Fourth, we addressed the claim that confidence intervals provide better estimates of the replicability of an empirical result. We find that CI overlaps are uniformly large and that this is not a useful feature for the estimation of replicability. The width of the CI for a particular sample mean is highly correlated with the variability of means over different sample sizes. Therefore, estimates of replicability performed with CI are insensitive to statistical power. If the results of studies with high power are to be regarded as more predictive of replication than the results of studies with low power, ST should be preferred. The blindspot of ST lies elsewhere. When two studies yield significant results but very different effect size estimates, a CI analysis takes note, whereas ST does not. We urge researchers to pay close attention to effect sizes and CI as well as p values.
6. Conclusion
One of David Hume’s lasting legacies is to have shown that no method of inductive inference can be justified deductively (Hume, 1978/1739). The few who tried to do this for ST (e.g., Chow, 1998) reaped a storm of criticism (see commentaries on Chow’s article). Researchers have to accept the necessity of evaluating methods of inductive inference by indirect, inductive means. In this investigation, we used simulation experiments to find the conditions under which the p value performs well or poorly. Our findings are a partial response to a set of challenges to the validity of p. We find that these critiques carry their own burden of incompleteness. The proposed alternative methods have considerable strengths, which researchers can exploit under suitable conditions, but we do not share the view that ST is fatally flawed.

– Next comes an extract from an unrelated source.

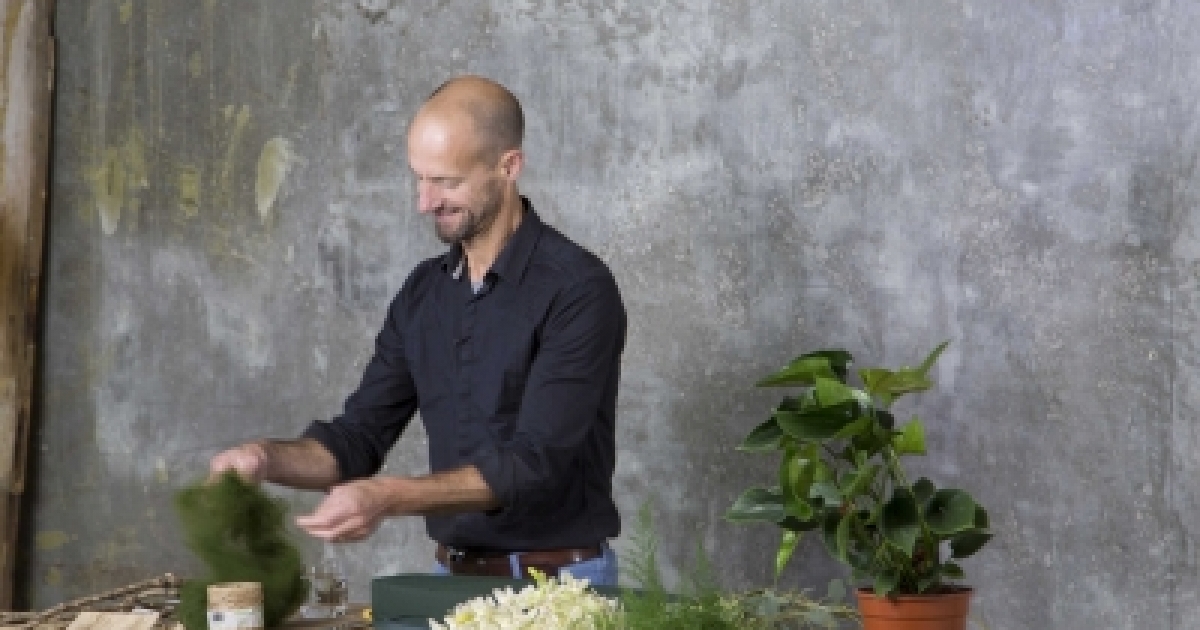 Eenmaal mijn tranen van het lachen gedroogd, zegt hij "Maar serieus, ik vind het mooi om afscheidsbloemwerk maken, juist vanwege het persoonlijke tintje wat mensen er aan toe willen voegen. Soms vragen ze me om er objecten in te verwerken die voor hen heel betekenisvol zijn. Of om specifieke bloemen te gebruiken die ook in de tuin van de overledene groeide. Zelf houd ik erg van de natuurlijke stijl; sprookjesachtig met wilde bloemen of een ontwerp met een tuin-gevoel. Bloemen zijn nou eenmaal de meest effectieve manier om je gevoelens en medeleven te uiten", besluit David.

The goal of any method of inductive reasoning and inference is to model and manage uncertainty. Often, the selection of inductive methods is itself a choice made under uncertainty. We hope that our investigation will help researchers discern when to include ST in their quest to understand their data.
We began this article with a note of how the debate over statistical analysis is often framed as an inquisition into the flaws of ST. The present article too is cast in the mold of this ongoing controversy. There have been many critical assessments (e.g., Lykken, 1968; Meehl, 1978; Rozeboom, 1960, are famous early examples, though far from the earliest) and occasional efforts at defense (Chow, 1998; García-Pérez, 2016; Hagen, 1997). The current climate is characterized by the question of why ST is still alive after so many fatal blows. A seemingly inescapable conclusion is that researchers who continue to use the p value are to be accused of inertia or mental denseness. Our approach is different (Krueger & Heck, 2017; see also Cohen, 1994; Krueger, 2001; Nickerson, 2000). We cast ST as a heuristic tool of induction, thereby trying to avoid what many critics condemn as ST’s most fatal flaw: its encouragement of dichotomous decision-making (Amrhein, Korner-Nievergelt, & Roth, 2017; Greenland, 2017; McShane & Gal, 2016). We cannot conclude that ST, or any other method, is categorically good or bad. If we did, we might ourselves be guilty of dichotomania.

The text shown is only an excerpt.